- **TASK**: An exact copy of the data is required. No picture may appear in it.

++++ DATA

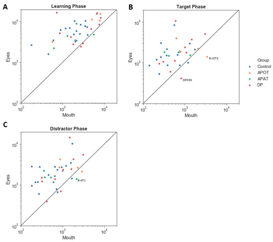 The scatter plot of log (scanning duration) on the eye versus mouth region, in the Learning (A), Target (B) and Distractor phases (C). The straight line shows an equal duration of fixation on the eye versus the mouth; points above this indicate more fixation time on the eyes. Labeled subjects are abnormal by the single-subject analysis. APOT = acquired prosopagnosia with occipitotemporal lesions; APAT = acquired prosopagnosia with anterior temporal lesions; DP = developmental prosopagnosia.
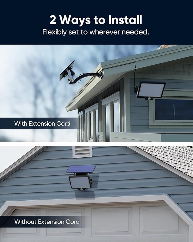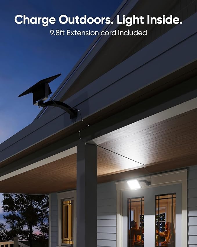 - Flexible Installation Options: Choose between two installation methods - with or without the extension cord - to tailor the light placement to your preferences. The extension cord allows indoor placement of the LED lamp panel while the solar panel remains outdoors to capture optimal sunlight.
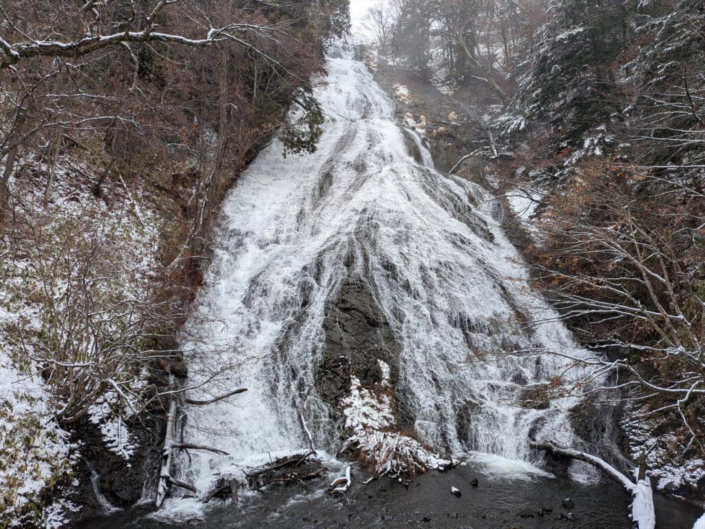 歩きだしてすぐに見えてくるのが、湯滝。夏場は周りの木々の葉とのコラボで清涼感溢れる滝なのですが、今回は葉が落ち、雪も積もっていたので、水しぶきの白と、岩壁の黒がより目立ち渋くてかっこいい印象でした。

++++++++

- **WORKED SOLUTION**:
 The scatter plot of log (scanning duration) on the eye versus mouth region, in the Learning (A), Target (B) and Distractor phases (C). The straight line shows an equal duration of fixation on the eye versus the mouth; points above this indicate more fixation time on the eyes. Labeled subjects are abnormal by the single-subject analysis. APOT = acquired prosopagnosia with occipitotemporal lesions; APAT = acquired prosopagnosia with anterior temporal lesions; DP = developmental prosopagnosia.
 - Flexible Installation Options: Choose between two installation methods - with or without the extension cord - to tailor the light placement to your preferences. The extension cord allows indoor placement of the LED lamp panel while the solar panel remains outdoors to capture optimal sunlight.
 歩きだしてすぐに見えてくるのが、湯滝。夏場は周りの木々の葉とのコラボで清涼感溢れる滝なのですが、今回は葉が落ち、雪も積もっていたので、水しぶきの白と、岩壁の黒がより目立ち渋くてかっこいい印象でした。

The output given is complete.